Deutscher Gewerkschaftsbund

26.10.2012
klartext 36/2012

Leiharbeit: Was heißt hier schon "vorübergehend"?

Selbst nach vier Jahren in Leiharbeit haben die Betroffenen keinen Anspruch auf eine feste Stelle, entschied jüngst das Landesarbeitsgericht Berlin-Brandenburg. Dabei sollte Leiharbeit ursprünglich nur Auftragsspitzen überbrücken. Der klartext.

Schlechte Arbeitsbedingungen erwartet man ohnehin schon, wenn von Leiharbeit die Rede ist: Unsicherheit, niedrige Löhne und ständig wechselnde Einsätze. Nun gibt es eine neue Variante, Leiharbeitskräften selbstverständliche Rechte zu verweigern: Selbst nach vier Jahren Überlassung gilt ein Einsatz als „vorübergehend“, so dass die Betroffenen keinen Anspruch auf Übernahme haben. So entschied erst jüngst das Landesarbeitsgericht Berlin-Brandenburg im Fall einer Krankenschwester, die vier Jahre lang an die gleiche Privatklinik verliehen worden war.

Leiharbeit nimmt zu

Ein Urteil, das den Verleihfirmen gefallen dürfte. Ihre Zahl ist bis Ende 2011 auf 17.700 Betriebe gestiegen. Seit der Deregulierung der Leiharbeit durch die Hartz-Gesetze wächst allerdings auch die Zahl der Leiharbeitnehmer/-innen rasant an: Ende Dezember 2011 waren in Deutschland fast 900.000 Leiharbeitnehmer/-innen beschäftigt – im Vergleich zu nur 170.000 Personen im Jahr 1996.
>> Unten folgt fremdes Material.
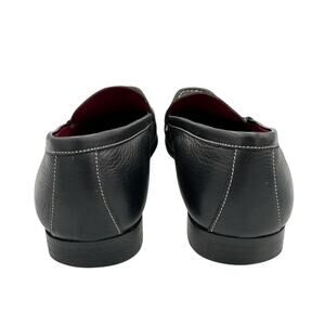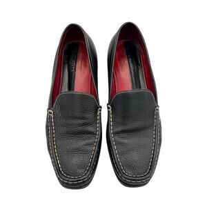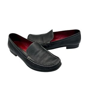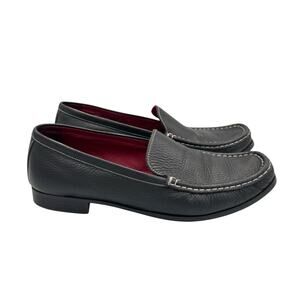 Bally Women's Black Pebbled Leather Contrast Stitching Slip On Moccasin Loafers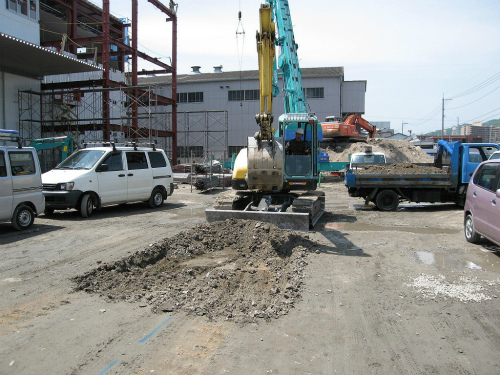 砕石舗装の砕石を取り除き、客土を実施しました。 仕上がり地盤に合わせるため、相当量の客土を搬入しました。 |

 Entwicklung der Leiharbeit in Deutschland seit 1996

Quelle: Bundesagentur für Arbeit

Vergangene Bundesregierungen haben dafür gesorgt, dass die Leiharbeit hierzulande für die Betroffenen nur unbefriedigend reguliert ist: Vor allem die Möglichkeit, dauerhaft durch tarifliche Vereinbarungen von der gesetzlich geforderten Lohngleichheit abzuweichen, hat dazu geführt, dass Leiharbeit vor allem Niedriglohnarbeit ist. Trotz besserer tariflicher Vereinbarungen durch Branchenzuschläge verdienen Leiharbeitnehmer/-innen immer noch weniger als die Stammbelegschaft und damit nicht Equal Pay.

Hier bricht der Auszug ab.